Parce qu'elle est privative de liberté, la prison a également pour effet d'anémier la capacité du détenu à se
prendre en charge. Préparer la sortie, c'est avant tout, réapprendre les gestes de l'autonomie et donc lutter contre la récidive. Comme l'a signalé
Jean-Luc Warsmann dans son rapport précité, « la sortie de prison, quelle que soit la durée de la
peine purgée, est un moment difficile à vivre. La personne libérée sans préparation ni accompagnement risque de se retrouver à nouveau dans un environnement familial ou social néfaste, voire
criminogène, ou bien au contraire dans un isolement total, alors qu'elle aurait besoin de soutien pour se réadapter à la vie libre. Tout ceci peut l'amener à la récidive ».
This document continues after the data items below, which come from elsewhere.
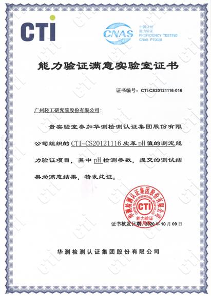 广州轻工研究院股份有限公司今年9月份参加由华测检测认证集团股份有限公司组织的2020年中国合格评定国家认可委员会(CNAS)认可的能力验证项目“皮革pH值的测定”,结果满意!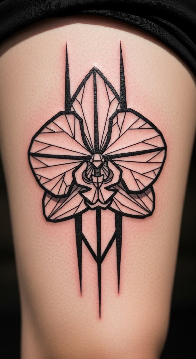 A bold geometric orchid tattoo makes a statement on your thigh. Begin with thick strokes on paper. Use a bold pen for the shapes. Do this in your free time. Printable templates online are free. Test with henna kits under $10. They last a few days. Connect with artists who handle bold styles. Bring your drawing along. Position it on your leg for impact. Add geometric twists for flair. Go with solid colors to reduce costs. This saves about $40. Wear it proudly at events. It’s a conversation starter.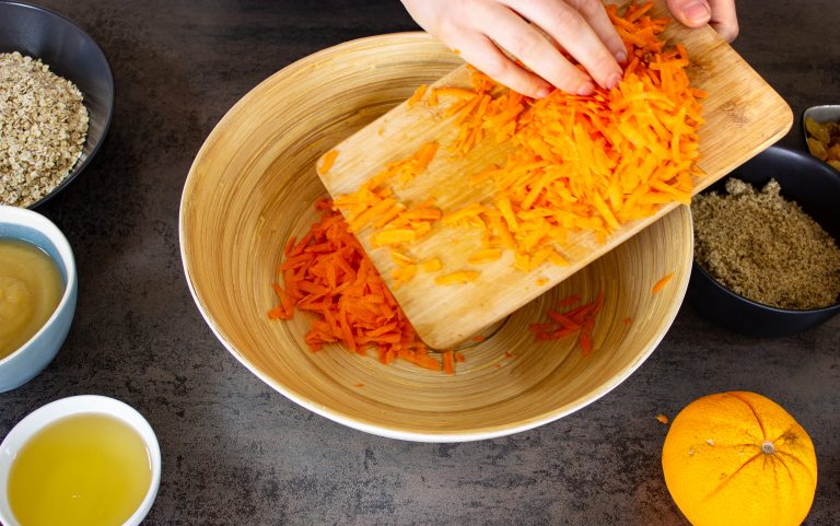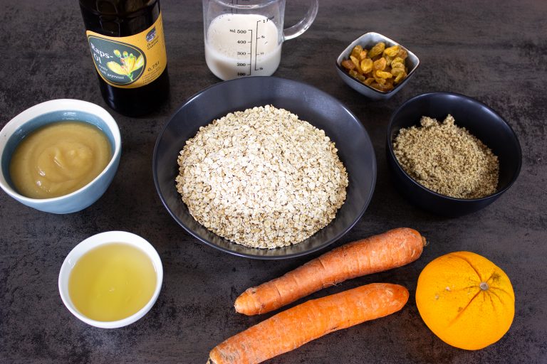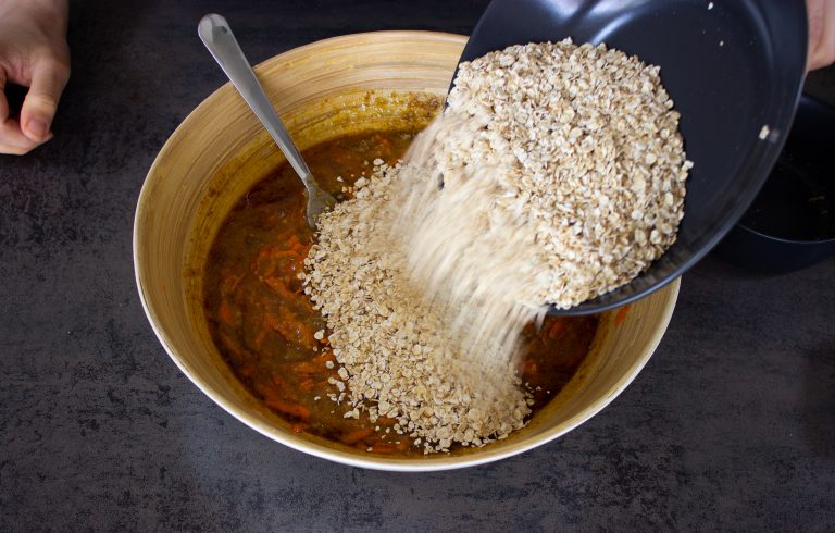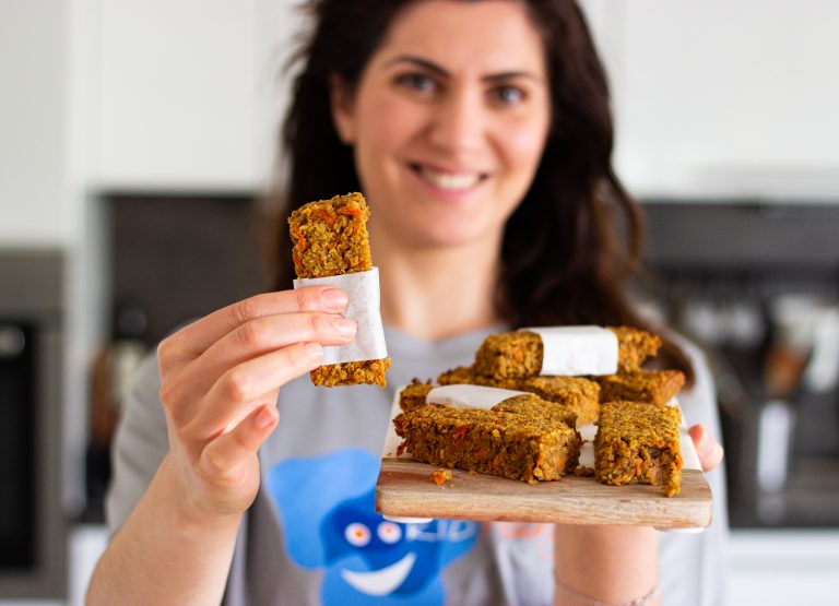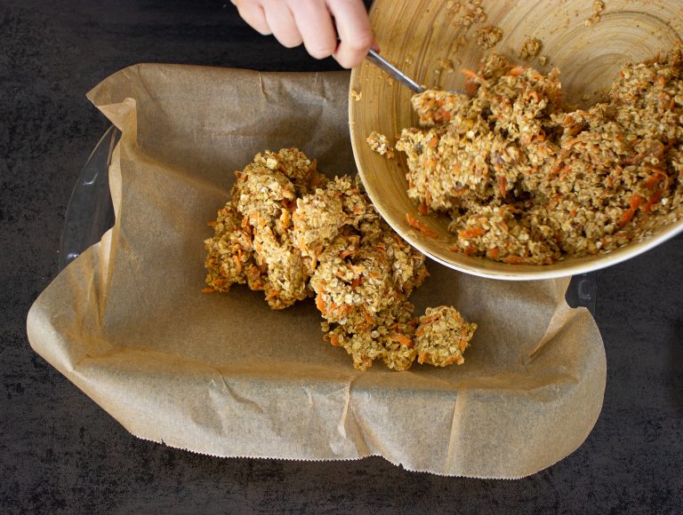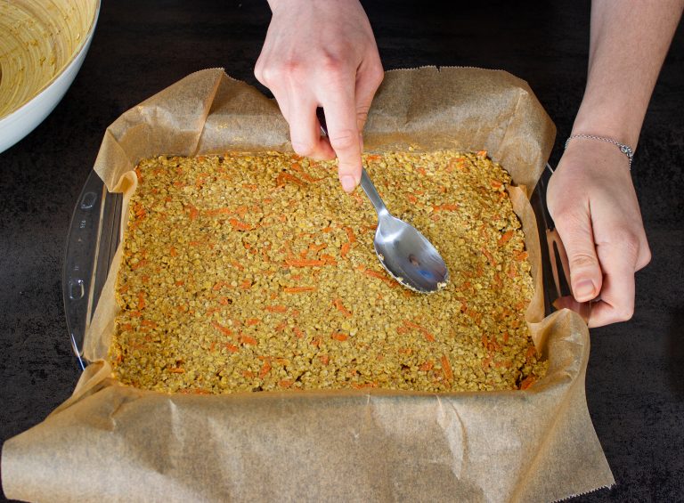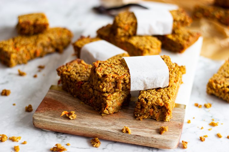 Ob bei der nächsten Radtour, auf dem Bolzplatz oder zuhause: Diese Karottenkuchen-Haferflocken-Frühstücksriegel sind als schnelles Frühstück für unterwegs oder als Snack geeignet. Dabei kommen sie ganz ohne Milchprodukte und raffinierten Zucker aus!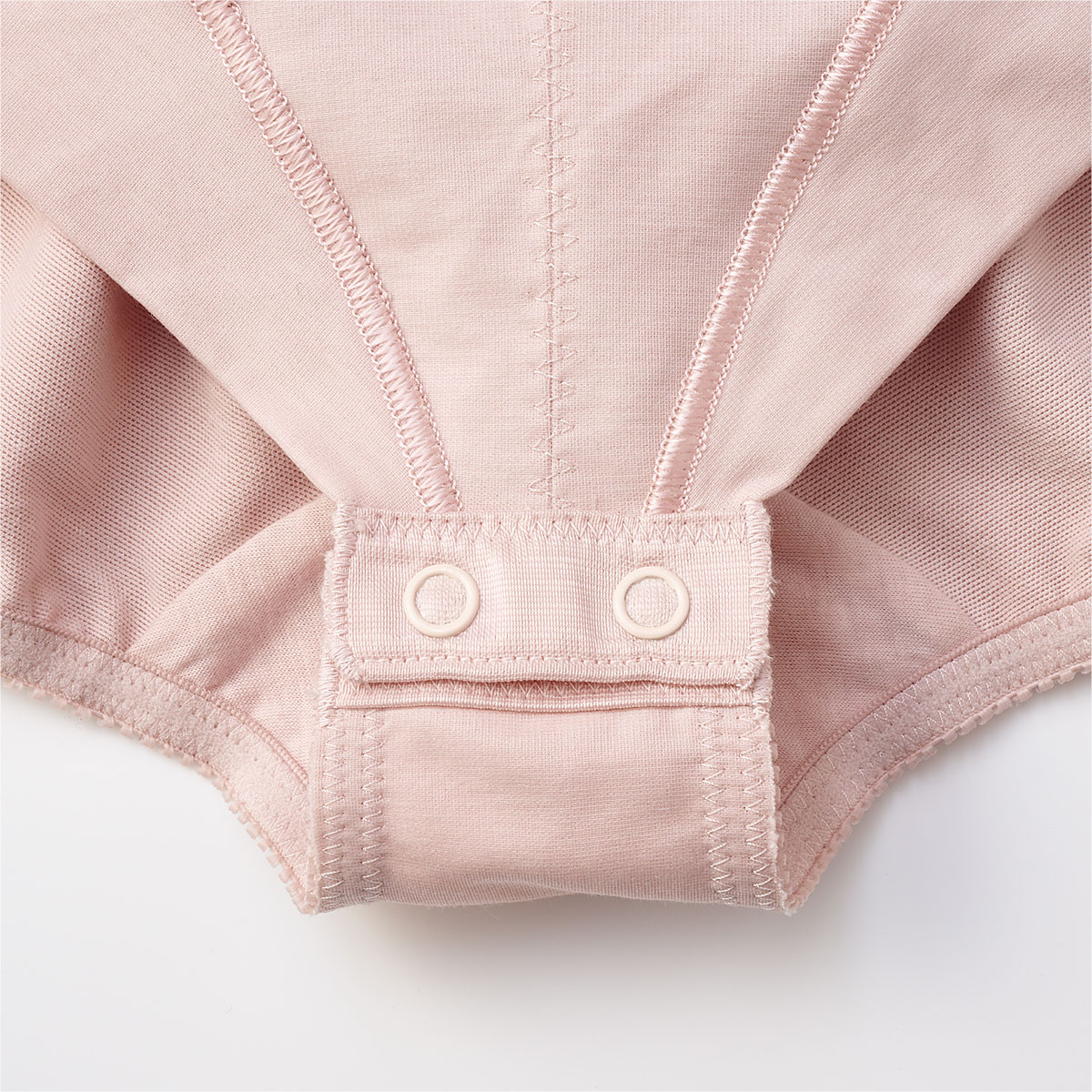 前ファスナー仕様で着脱がラク。肌側に当て布付きでファスナーが肌に当たらず、お肉の巻き込みも防止します。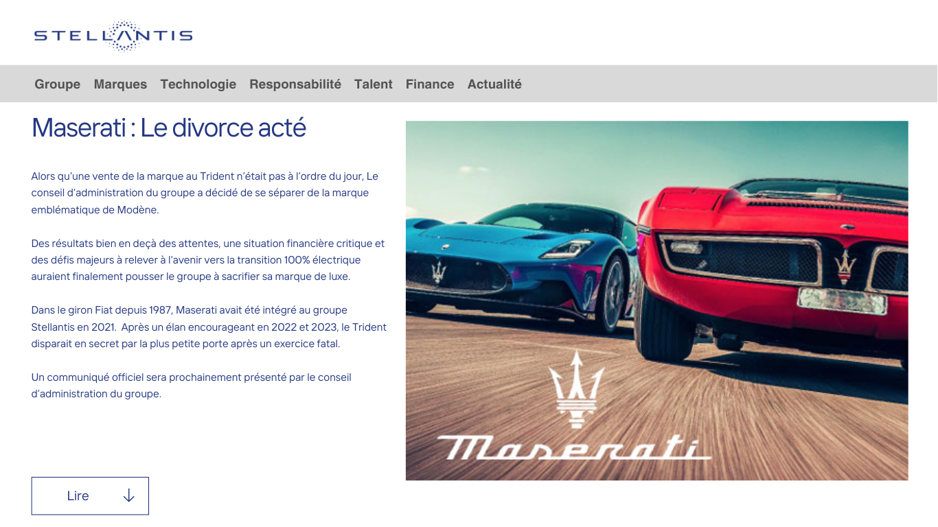 Au sein de groupe Stellantis, il y avait des marques qui se muait beaucoup plus facilement avec les nouvelles directives. Maserati nâĂ©tait pas lâune dâentre elles. Le Trident ne pouvait pas purement et simplement devenir la Tesla italienne. Cela ne collait pas Ă son essence, et surtout le marchĂ© nâexistait pas en lâĂ©tat et Ă ces tarifs lĂ .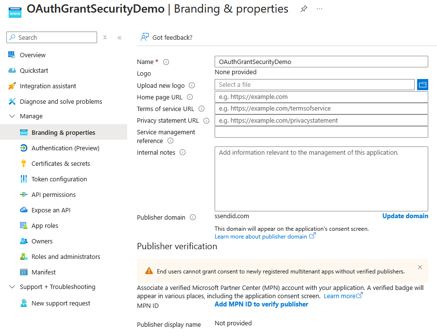 ⚠️ Attention: A warning indicates that end users cannot grant consent to newly registered multi-tenant applications unless the publisher is first verified, a restriction enforced by default since 2020.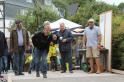Abbildung: Probesitzen auf den neuen Bänken am Vosspfad -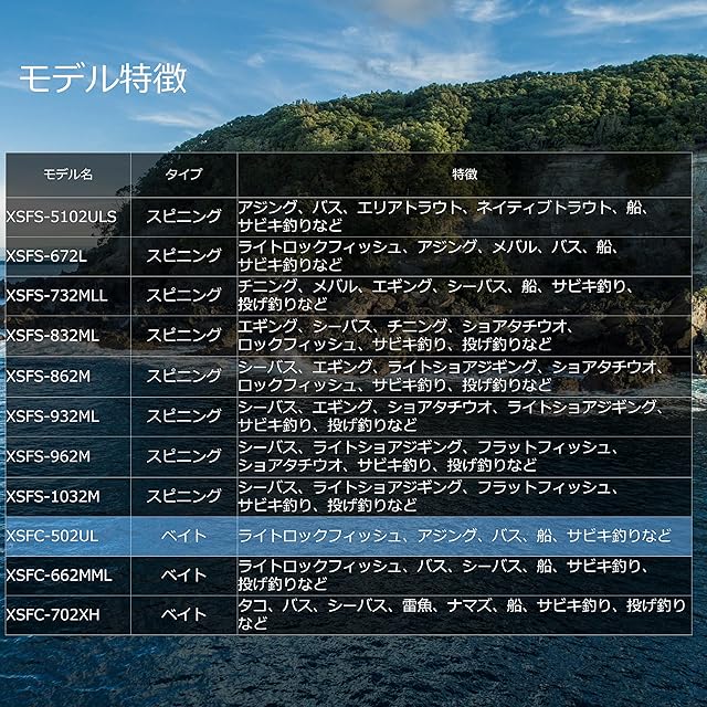 使用可能な釣法:エギング チニング / 主なターゲット:アイナメ アオリイカ サクラマス スミイカ サバ タチウオ ロックフィッシュ

L’on constate généralement que la sortie de prison des délinquants ayant purgé leur peine n’est pas
toujours suivie.
A l’issue de l’étude de l’emprisonnement comme principal mode de traitement de la
récidive, une insatisfaction subsiste dans notre esprit. L’on se demande s’il constitue la meilleure façon de faire face à la récidive qui pratiquement met à nue les failles des politiques
criminelles mises en place par les Etats. L’on est même tenté de convenir avec Serges Portelli que c’est une politique irresponsable et dangereuse
que de laisser croire aux citoyens que la criminalité pourrait se dissoudre dans plus de prisons . Par ailleurs, le recours-réflexe à l’incarcération pour juguler les désordres urbains est
un remède qui, dans bien des cas, ne fait qu’aggraver le mal qu’il est censé guérir. Institution basée sur la force et opérante, la prison est un creuset de violences et d’humiliations
quotidiennes, un vecteur de désaffiliation familiale, de méfiance civique et d’aliénation individuelle.
Et, pour beaucoup de détenus marginalement impliqués dans des activités illicites,
c’est une école de formation, voire de « professionnalisation », aux carrières criminelles. Pour d’autres, et ce n’est guère mieux, l’enfermement est un gouffre sans fond, un enfer
hallucinatoire qui prolonge la logique de destruction sociale qu’ils ont connue à l’extérieur en la redoublant d’un broyage personnel. L’histoire pénale montre, en outre, qu’à aucun moment et
dans aucune société la prison n’a su accomplir la mission de redressement et de réintégration sociale qui est censée être la sienne dans une optique de réduction de la récidive.
En plus, le récidiviste n’est pas un
monstre et il ne sert à rien de le diaboliser. Il faut plutôt faire appel aux autres formes de traitement également efficaces et nécessaires à sa réinsertion.